I'm a bit surprised that it's so complicated to get a charset of a webpage with Python. Am I missing a way? The HTTPMessage has loads of functions, but not this.

>>> google = urllib2.urlopen('http://www.google.com/')
>>> google.headers.gettype()
'text/html'
>>> google.headers.getencoding()
'7bit'
>>> google.headers.getcharset()
Traceback (most recent call last):
  File "<stdin>", line 1, in <module>
AttributeError: HTTPMessage instance has no attribute 'getcharset'

So you have to get the header, and split it. Twice.

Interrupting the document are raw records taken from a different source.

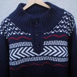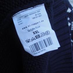 Тъмно син пуловер от 70%Акрил 30%Вълна Размер на етикет – XXL, но отговаря на 3XL Точни мерки БЕЗ разтягане: Дължина -75см. Ширина – 2х65см. (гръдна обиколка 130см.) шир. при раменете 2х55 см. Ръкав от рамото – 68см. Нов. Без етикет. Още мои дрехи с големи размери в блога ми: https: //modamaxi. wordpress. com/ |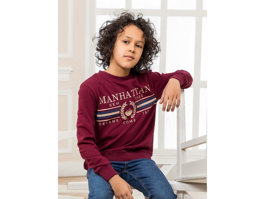 Chlapecké mikina Manhattan. Barva: bordo. Neokoukaný design a kvalitní barva odolná proti seprání. Příjemný materiál - 100% bavlna.Velikosti: 140 - 164. Vyrobeno v Uzbekistánu. Materiál: 100% bavlna. Látka: Footer 250-260 gr. Návod k údržbě: Při praní se vždy řiďte pokyny uvedenými na štítku! Dostupné velikosti: 140 - 164. Barva: bordo.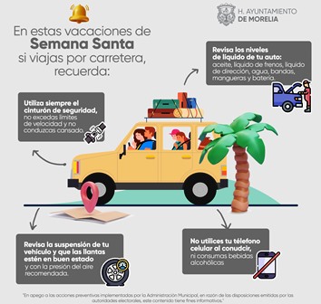 A unos días de comenzar la temporada de Semana Santa, el Ayuntamiento de Morelia emite una serie de recomendaciones de viaje para garantizar la seguridad y el bienestar de las y los ciudadanos, visitantes y turistas que paseen por la ciudad durante este período festivo.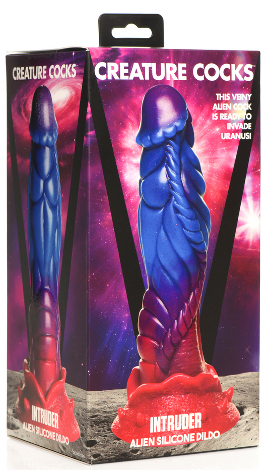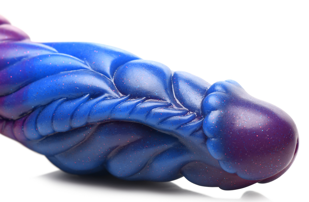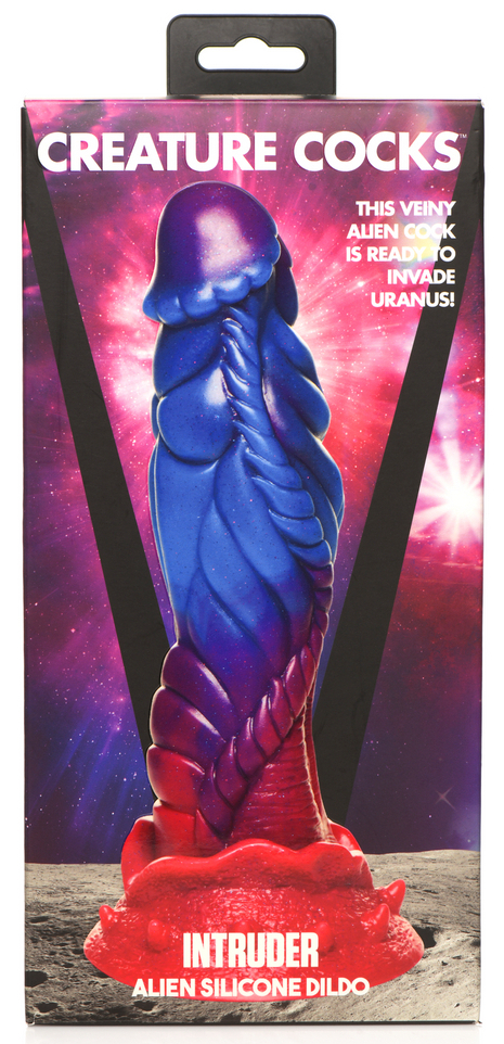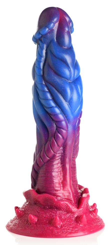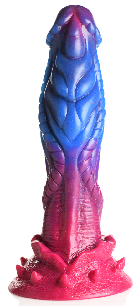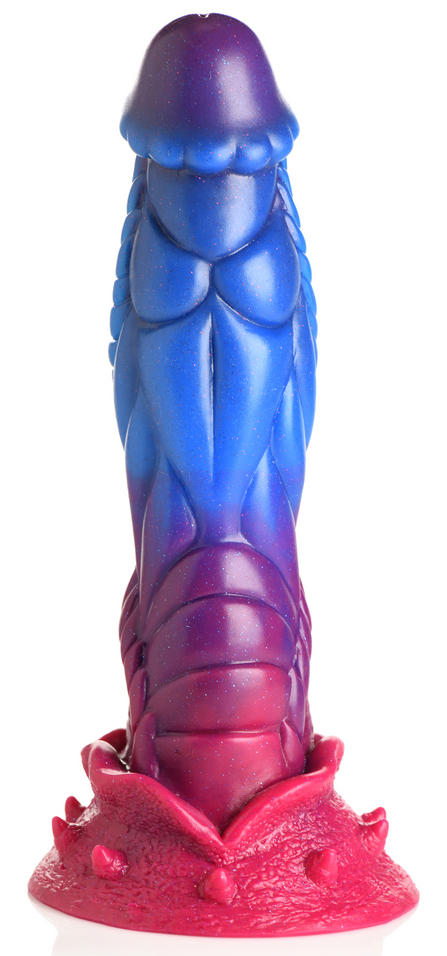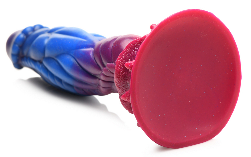 Gode monster représentant un sexe d’alien Différentes textures dans un mélange de bleu et de rouge Base ventouse puissante Longueur insérable de 18 cm pour une largeur de 5.5 cm En silicone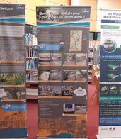L'exposition sur les zones inondables de notre commune, précédemment visible au Présidial, a été présentée du 28 novembre au 12 décembre dans le hall et le CDI. Elle était composée de nombreux panneaux, d'une frise, d'un triptyque, d'un totem, de pupitres, d'exemples de matériels de protection (batardeaux, clapet anti retour, pompes, obturateurs de canalisations). Au sol, à l'entrée du CDI, une très intéressante carte de 4 mètres carrés sur laquelle il était possible de se déplacer permettait de visualiser une très grande photographie de Quimperlé "vue du ciel" avec ses zones inondables... et de localiser sa maison.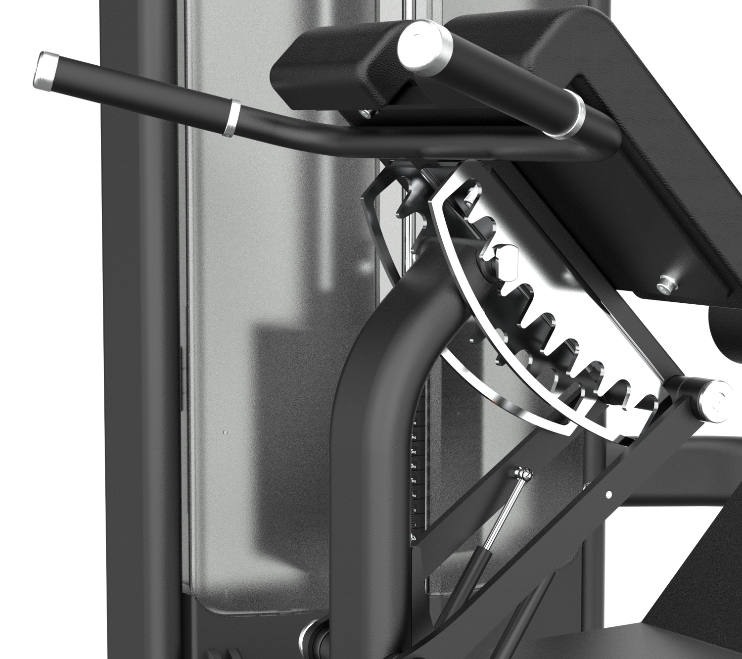La estación integra un pad de muslos con 9 posiciones y asistencia neumática que facilita la puesta a punto sin perder tiempo entre series. El bloqueo del fémur es estable, amplio y cómodo, lo que minimiza desplazamientos de la pelvis y evita compensaciones en la zona lumbar cuando el trabajo se hace pesado. El brazo de fuerza acompaña el arco natural del tronco, de modo que la carga se siente continua, sin “zonas muertas” ni tirones, y el usuario puede enfocarse en mantener columna neutra y tensión del core durante todo el recorrido.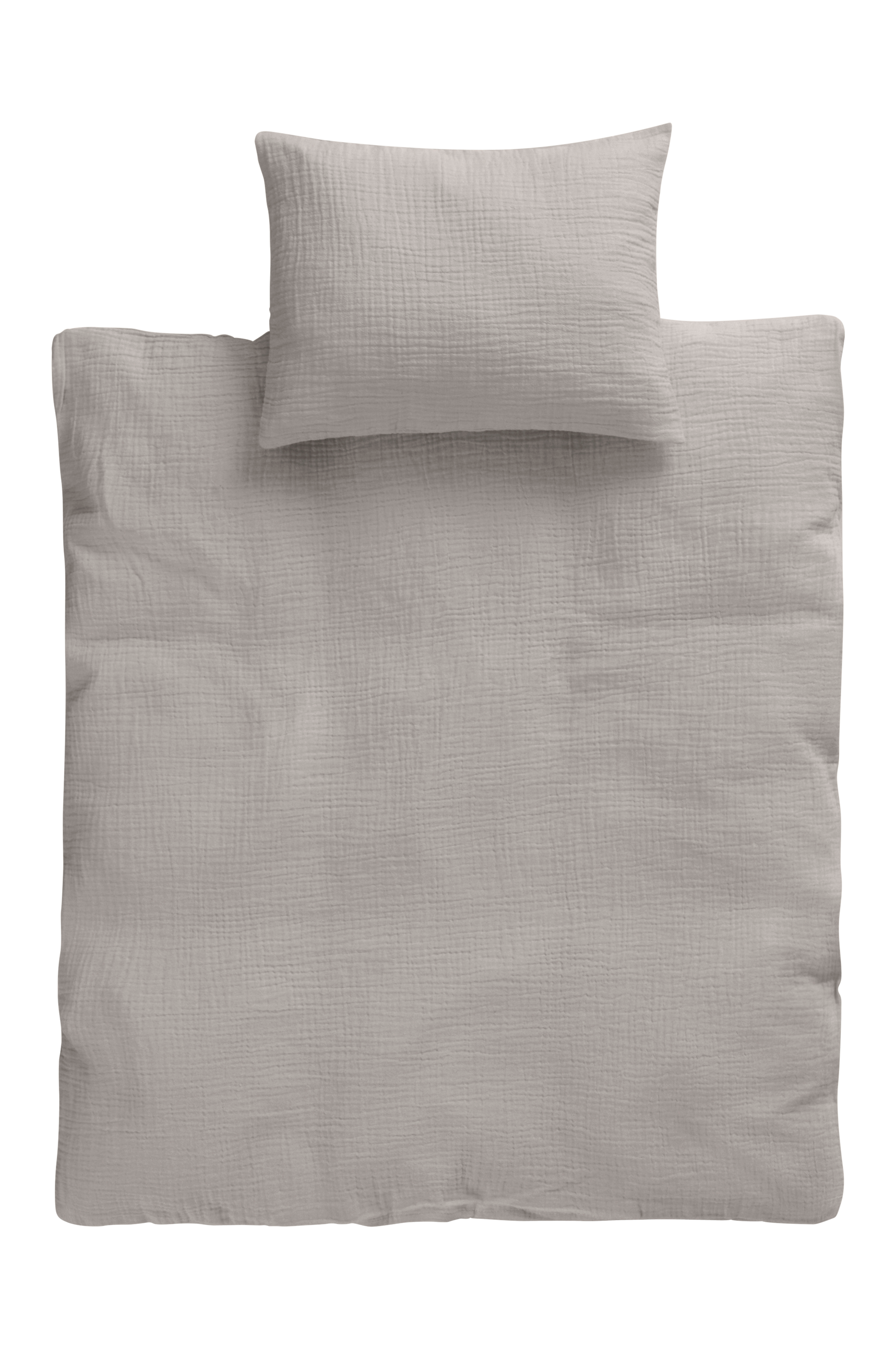 Sengesett i 2 deler i herlig, økologisk bomullsmusselin. Settet passer til barnevogn og vugge. Musselin er et mykt stoff, vevd med boblete effekt som gjør stoffet mykt og ekstra lettstelt. Du trenger hverken stryke eller mangle. Det behagelige musselinstoffet er deilig å sove i. Åpning øverst i hjørnene på dynetrekket. Det gjør det lettere å tre dynetrekket over dynen. Trådtetthet på 178 tc. (Trådtettheten forteller om antallet tråder, thread counts, pr. kvadrattomme i et stoff. Jo høyere trådtetthet, desto høyere kvalitet.)

>>> google = urllib2.urlopen('http://www.google.com/')
>>> charset = 'ISO-8859-1'
>>> contenttype = google.headers.getheader('Content-Type', '')
>>> if ';' in contenttype:
...     charset = contenttype.split(';')[1].split('=')[1]
>>> charset
'ISO-8859-1'

That's a surprising amount of steps for such a basic function. Am I missing something?

Lennart Regebro
  • 167,292
  • 41
  • 224
  • 251
  • 2
    From RFC 2616 (HTTP1.1) `The "charset" parameter is used with some media types to define the character set (section 3.4) of the data. When no explicit charset parameter is provided by the sender, media subtypes of the "text" type are defined to have a default charset value of "ISO-8859-1" when received via HTTP.`, as a side-note to your default being ASCII. – plundra Dec 22 '10 at 15:05
  • @plundra: Well, ISO-8859-1 is a superset of ASCII, but you're correct - it's a different encoding. – Piskvor left the building Dec 22 '10 at 15:07
  • @Piskvor: And if one were to use the `charset` from above with s.decode() for example, things will break (with pages sending iso-8859-1 and relying on implicit) – plundra Dec 22 '10 at 15:11
  • Ah, so I should check for the type, and if it's text it should default to latin-1, and otherwise it's presumably binary and shouldn't be decoded at all. :) Yet another step of complexity. – Lennart Regebro Dec 22 '10 at 15:53

4 Answers4

6

Have you checked this?

How to download any(!) webpage with correct charset in python?

Community
  • 1
  • 1
Leniel Maccaferri
  • 100,159
  • 46
  • 371
  • 480
5

I did some research and came up with this solution:

response = urllib.request.urlopen(url)
encoding = response.headers.get_content_charset()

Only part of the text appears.